Date Account title and explanation Debit Credit
2019 April 17 Cash £15,000
Sales £15,000

2. Then the figures go to the general ledger. This process is called posting. On the LG, also known as T-accounts, the sum moves to the corresponding sub-ledgers. Like this:

A general ledger is known as T accounts

Sometimes, special codes are attached to each type of transaction — to make your ledger more organised and the search for particular sub-ledgers easier.

Online bookkeeper moves the figures automatically from the journal entry to the ledger — distributing the data to the corresponding groups.

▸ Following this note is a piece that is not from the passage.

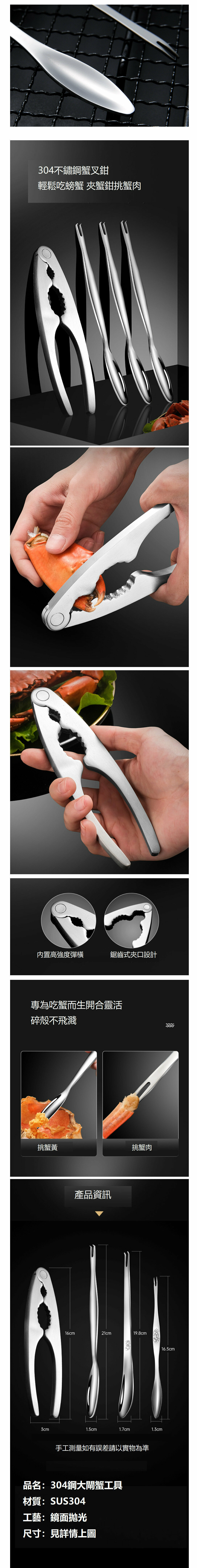 新款6件裝不銹鋼【規格5支304蟹叉加夾子】吃蟹工具套裝 蟹夾 開蟹殼鉗 食龍蝦鉗 廚房用品

3. The next step is to use these figures to make the financial statements of the company.

Trial balance

A trial balance is a worksheet, aimed at checking whether the figures your bookkeeper has been gathering in the ledger are correct. It is divided into two columns, one for debits and one for the credits and they must equal. A trial balance is not considered to be a separate financial report.

Double-entry bookkeeping

A double-entry accounting and bookkeeping system is what your bookkeeper uses when filling in the ledger and making a trial balance. In simple words, it means recording each transaction twice — once when the money leaves the count (a credit) and then again as the money enters the account (a debit) and then ensuring they equal.